To further demonstrate the surreal sway of designation, I offer the direr example of ‘self-harm’, which also entered common parlance only in the past decade or two. This is mere speculation, but hardly incredible: a driving reason that the prevalence of ‘self-harm’ has soared is our incessant usage of that expression (now applied to everything from tax cuts to Brexit). The bewildering custom of purposefully mutilating one’s own body has a name, which allows us to discuss it ad nauseum, and so also to promote the sickening habit in the very process of decrying it. By naming the perverse practice, we gave it life — because for such a contagion to spread even on social media you have to call it something first.

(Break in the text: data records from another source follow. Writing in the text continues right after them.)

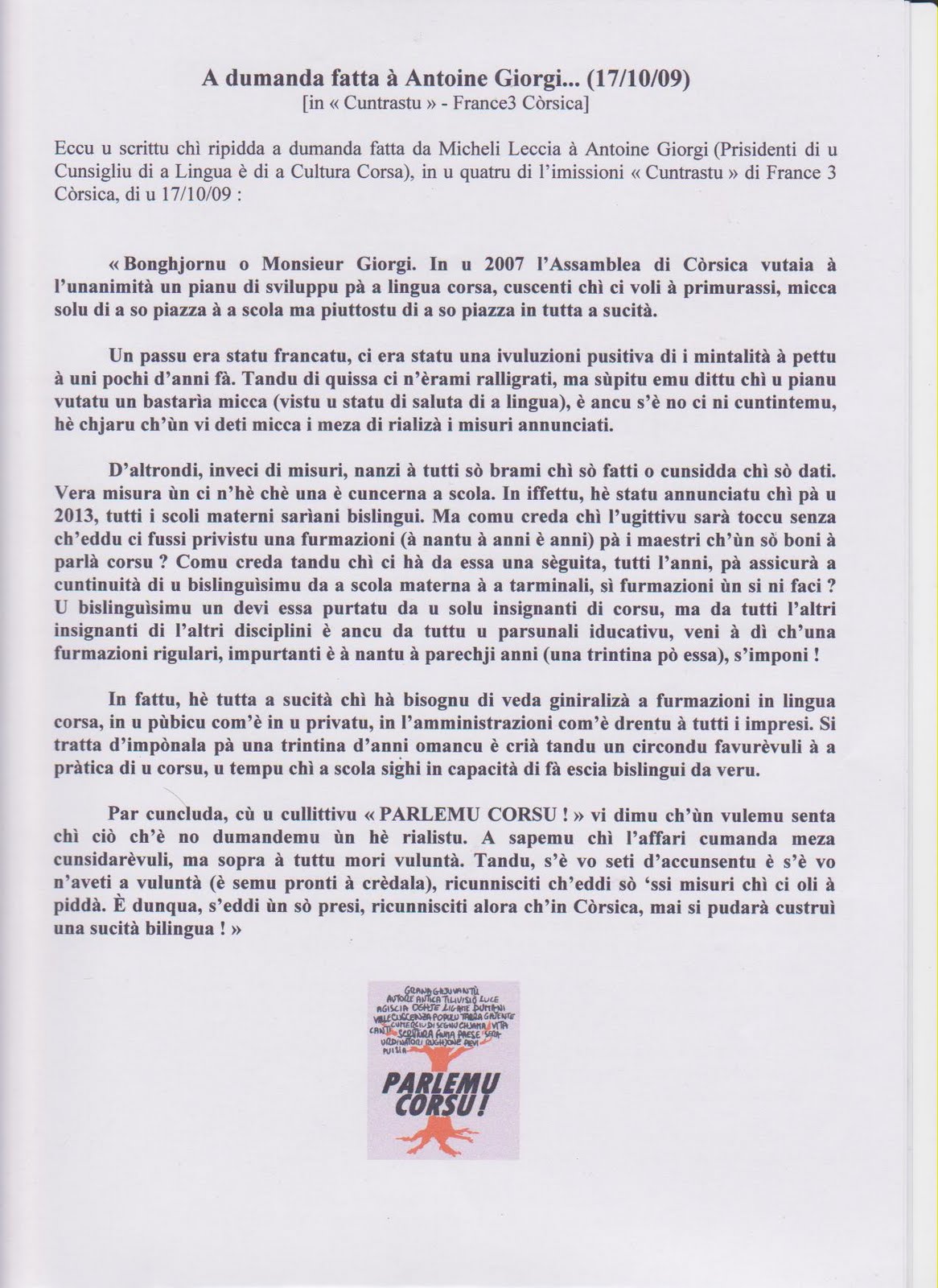'Ssa dumanda (arrigistrata) hè stata fatta da Micheli Leccia à Antoine Giorgi (Prisidenti di u Cunsigliu di a Lingua è di a Cultura Corsa).
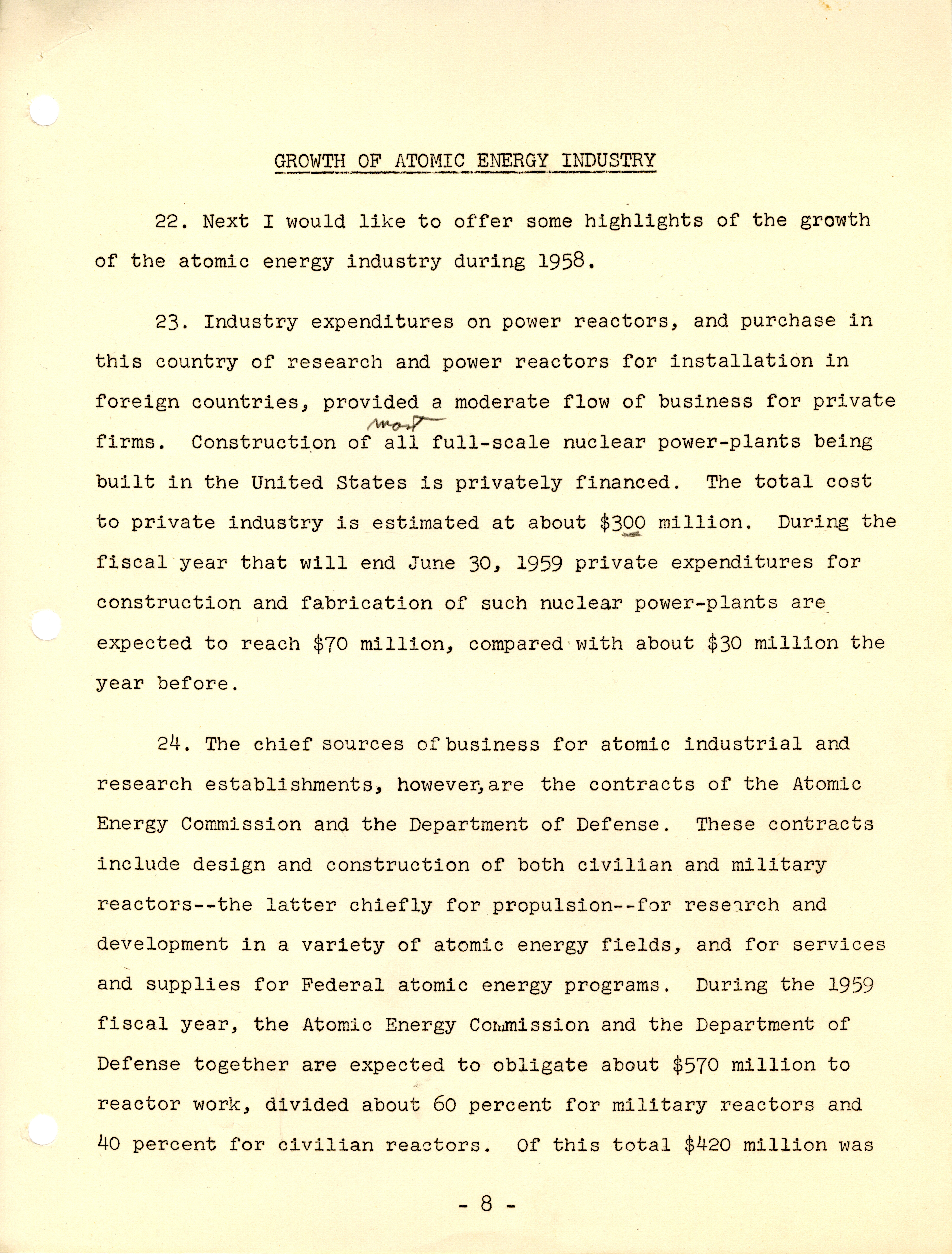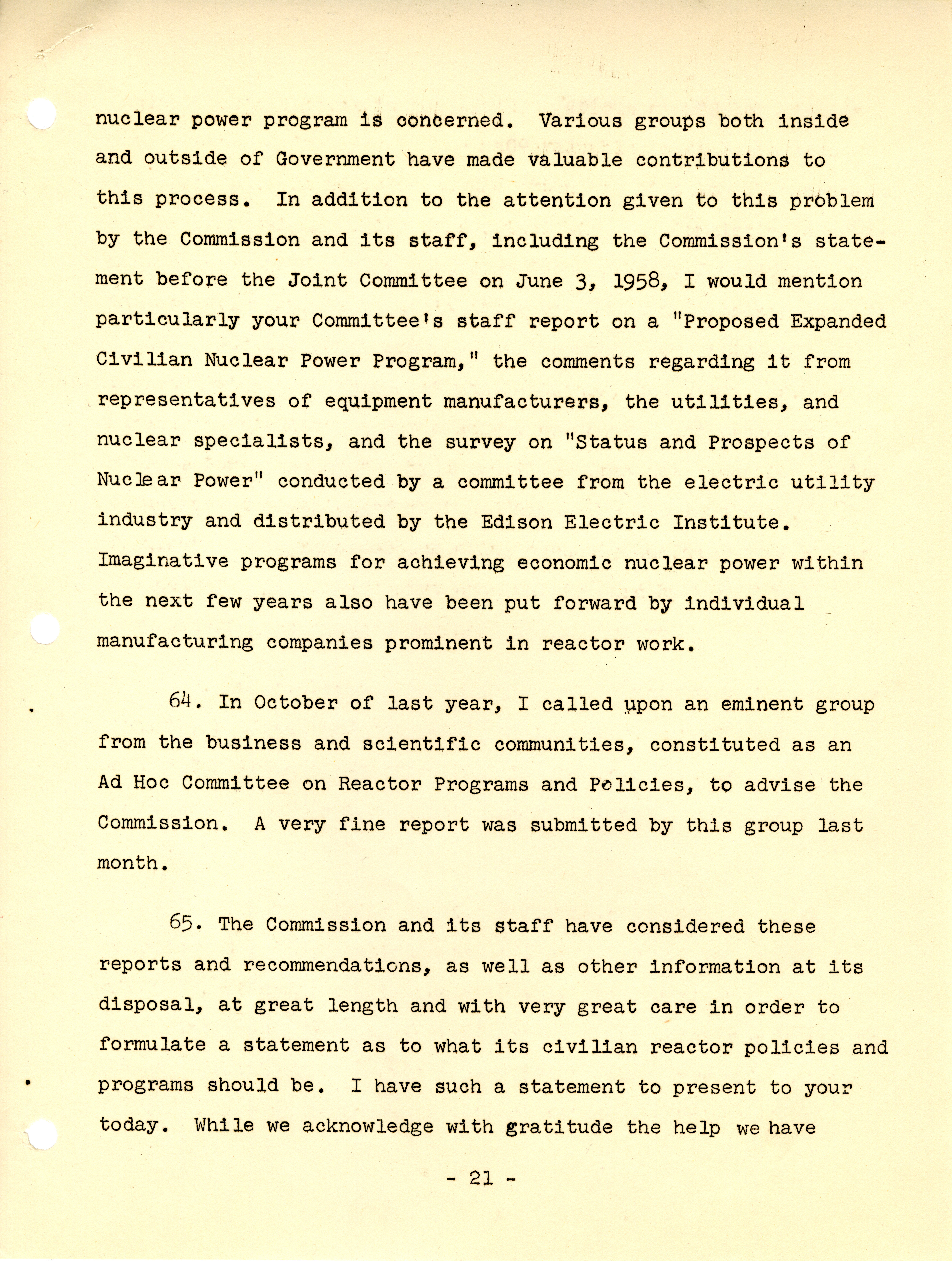 - "Testimony by Chairman John A. McCone, U.S. Atomic Energy Commission before Joint Committee on Atomic Energy, U.S. Congress, at hearings pursuant to Section 202, Atomic Energy Act of 1954, February 17, 1959", Dwight Ink Collection, Iowa State University Library Digital Collections
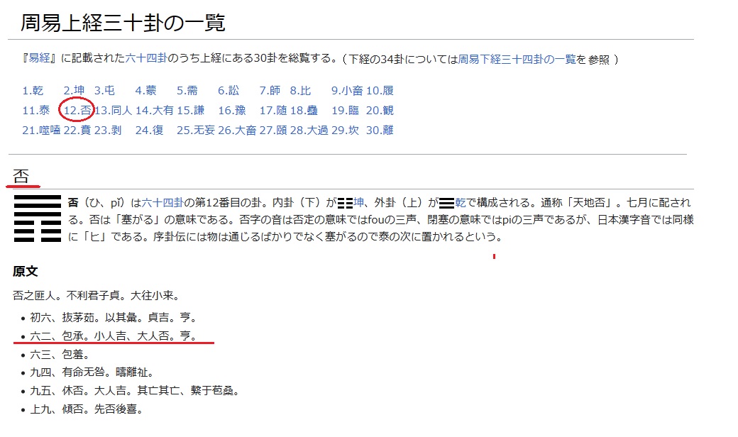 【出典】 『易経(周易)』 六十四卦の第12番目の卦。通称:「天地否」
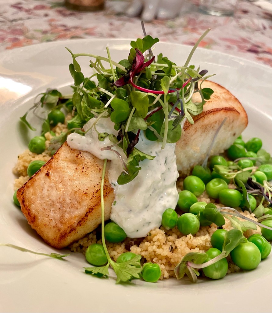 Saturday night dinner at home with Chef fixing Halibut with fennel and line crema, mushroom couscous and fresh english peas
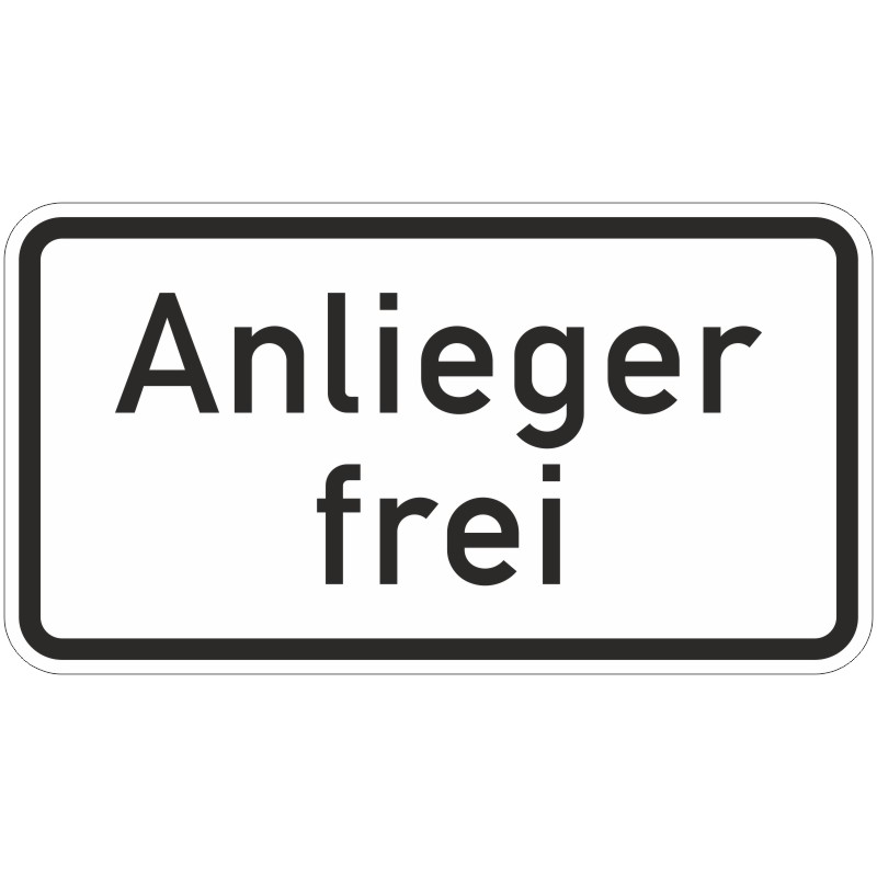 Das Verkehrszeichen 1020-30 „Anlieger frei“ ist ein rechteckiges Zusatzschild mit weißem Grund, schwarzem Rand und der Aufschrift „Anlieger frei“ in Schwarz.
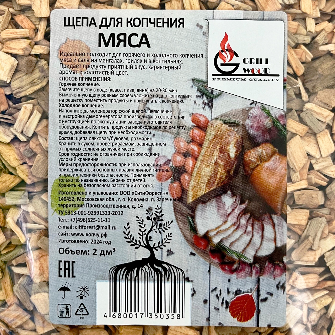 Щепа для копчения мяса GRILL WOODИдеально подходит для горячего и холодного копчения мяса и сала на мангалах, грилях, коптильнях. Придает продукту приятный вкус, характерный аромат и золотистый цвет.
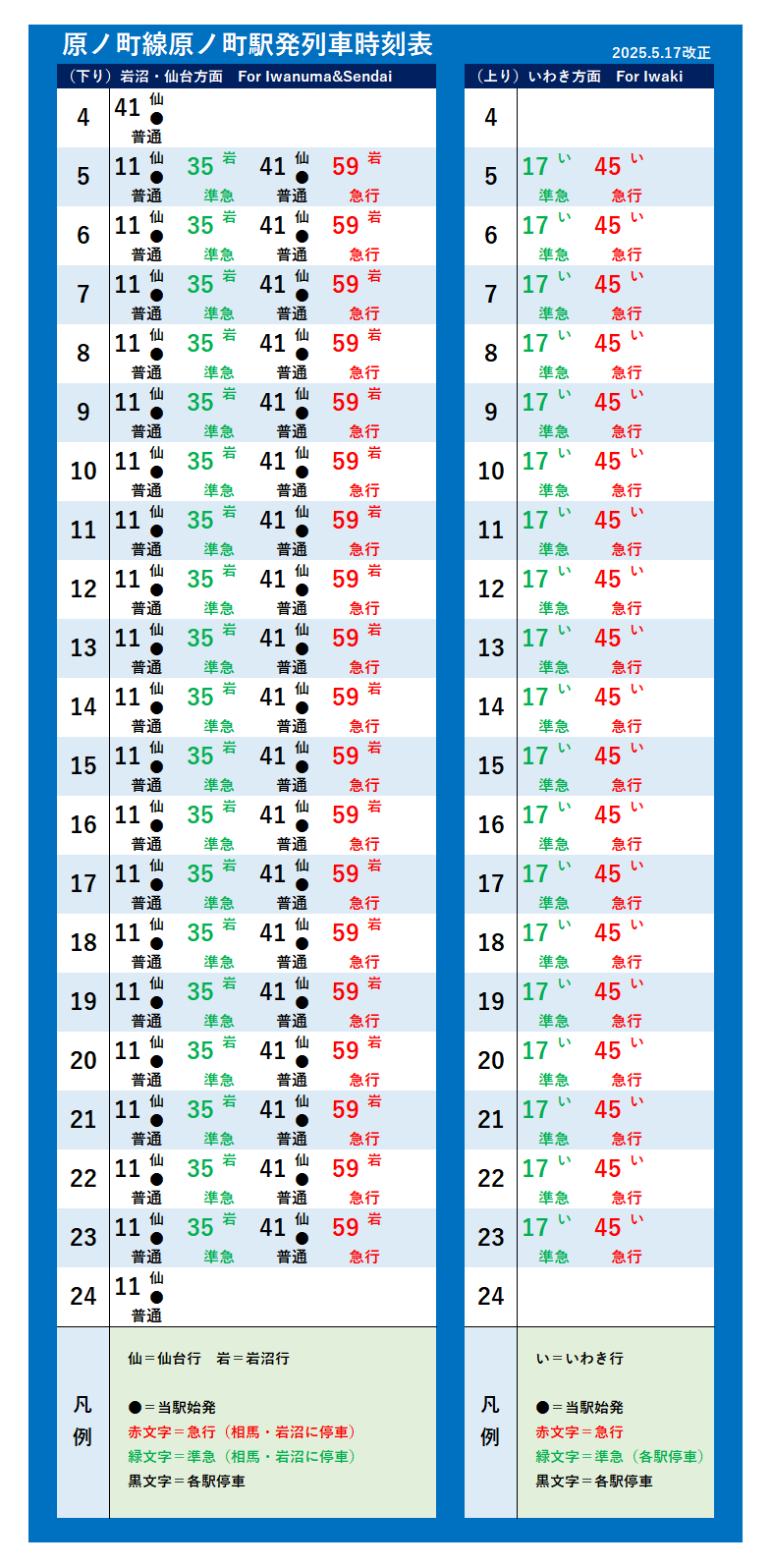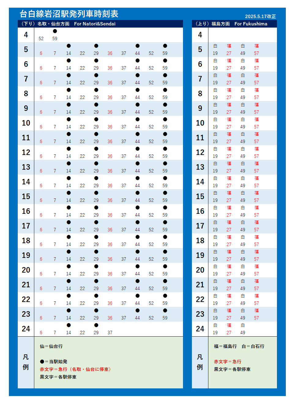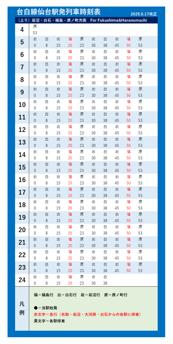 | 台白線・福島線・原ノ町線(2025年5月17日改正) | |||||||
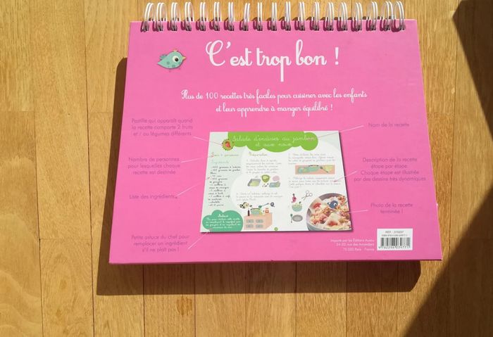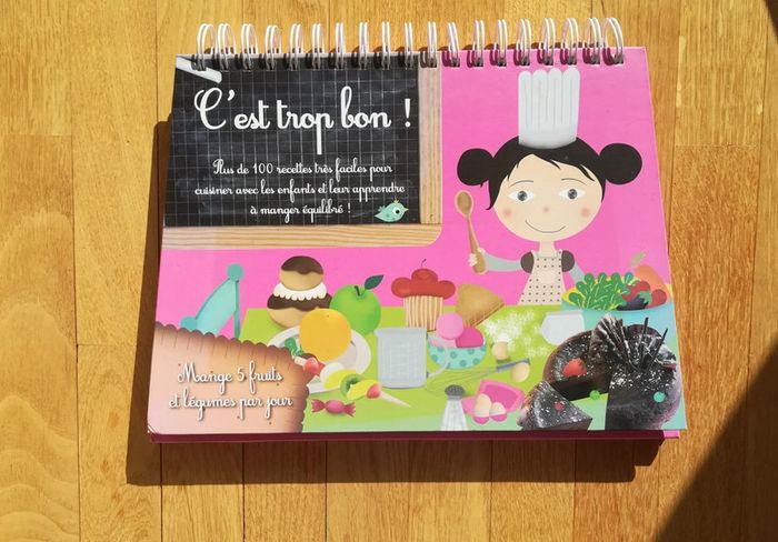 Vends livre de recettes de cuisine NEUF Comprend plus de 100 recettes très faciles pour cuisiner avec les enfants et leur apprendre à manger équilibré ! Chaque recette est organisée de manière ludique avec : - le nombre de personnes pour lesquelles chaque recette est destinée - la liste des ingrédients - Une description étape par étape. Chaque étape est illustrée par des dessins très dynamiques - Une photo de la recette terminée - Une pastille qui apparaît quand la recette comporte 2 fruits et/ou légumes Et une actuce du chef pour remplacer un ingrédient s'il ne vous plaît pas Prix de vente : 16 € À récupérer à Boulogne Billancourt (et ses environs : Paris...). Envoi possible.
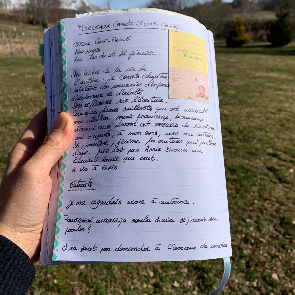 Quelques phrases saillantes ont accroché mon attention mais j’ai surtout ressenti beaucoup, beaucoup d’ennui devant cet exercice égocentré qui n’apporte, à mon sens, rien au lecteur. Et pourtant, j’aime les auteurs qui parlent d’eux! Encore faut-il qu’ils m’ouvrent à une pensée ou à une poésie singulière.
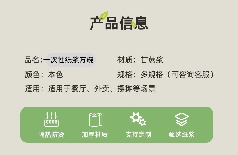 Caja de comidas degradable, caja de embalaje de pulpa, caja de bento de bagza de azúcar, ensalada de comida rápida para llevar al por mayor
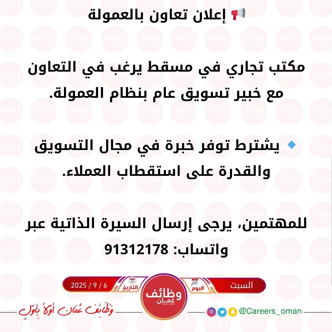 مكتب تجاري في مسقط - وظيفة شاغرة بنظام العمولة ( خبير تسويق عام )
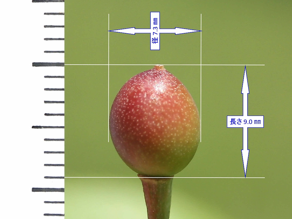 MEMO: 結実した楊貴妃の実の大きさで、長さ 9.0 ㎜で、直径も 7.3 ㎜と順調に大きくなり、この先、どこまで熟すかが楽しみである
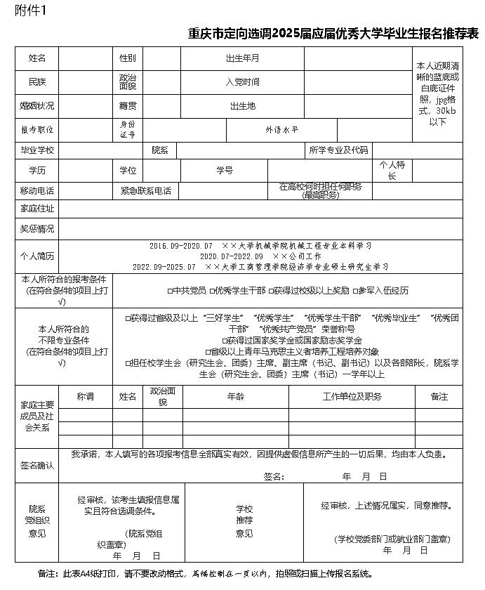 附件:1. 重庆市定向选调2025届应届优秀大学毕业生报名推荐表
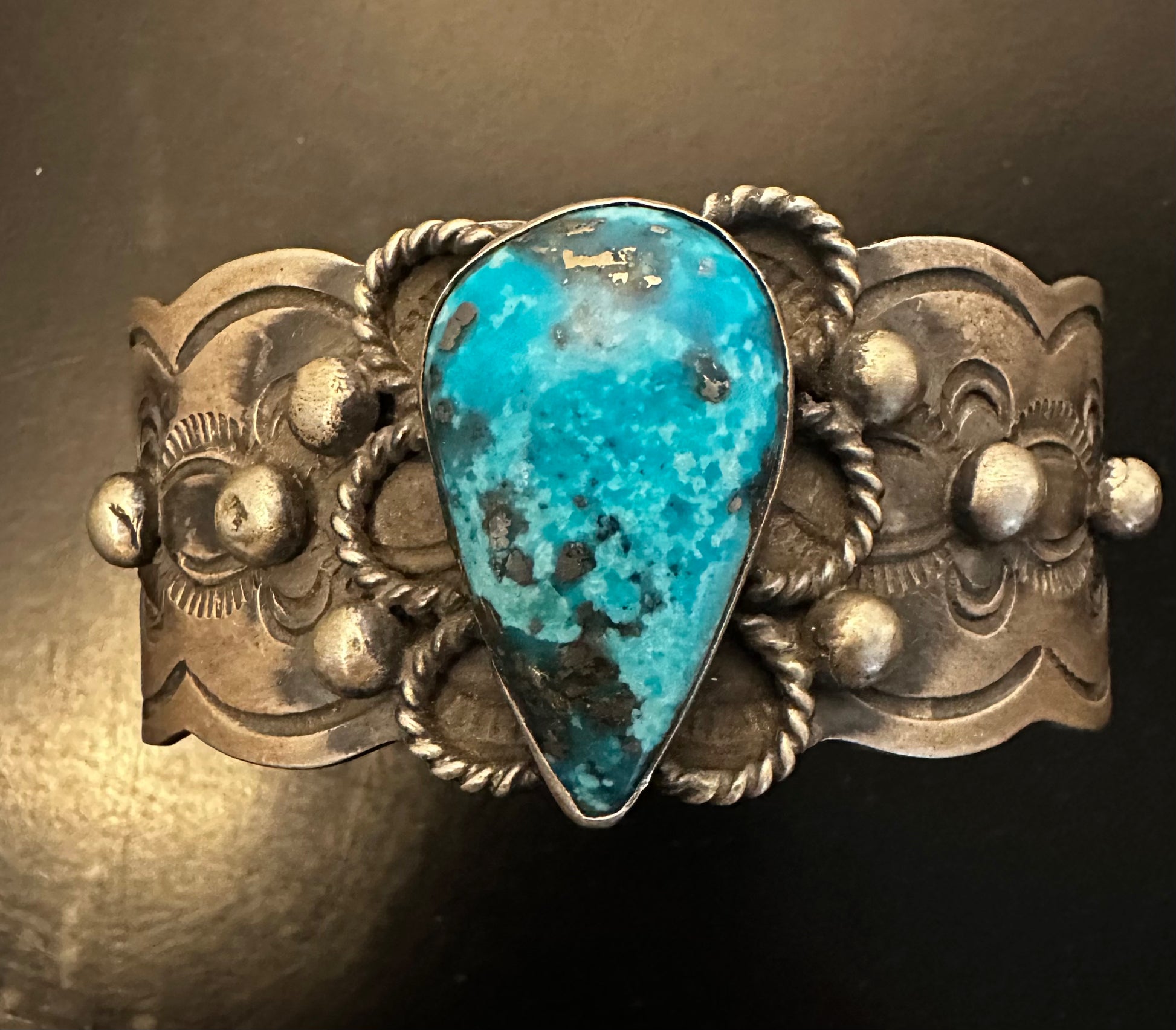 This striking cuff bracelet showcases a luminous teardrop-cut Sonoran Gold stone, an Arizona turquoise prized for its warm golden hues and natural matrix patterns. Handcrafted by Chimney Butte, the piece features meticulous stone setting that highlights the gem's distinctive coloring and organic character. The cuff's open design allows for comfortable adjustment to fit various wrist sizes. Sonoran Gold's unique composition makes each stone one-of-a-kind, ensuring your bracelet is truly individual. An exceptional choice for collectors and those seeking authentic Native American artisan jewelry.

Maybe the moral of this story is be careful what you christen.
Just in case the semantic enticement to overreaction of triggering and the incentivising prospect of evading exams weren’t enough to magic all our kids into gibbering train wrecks: diagnoses of ‘anxiety’ will now merit the award of blue badges for disabled parking. After all, these days spaces reserved for the well-adjusted would remain eternally available.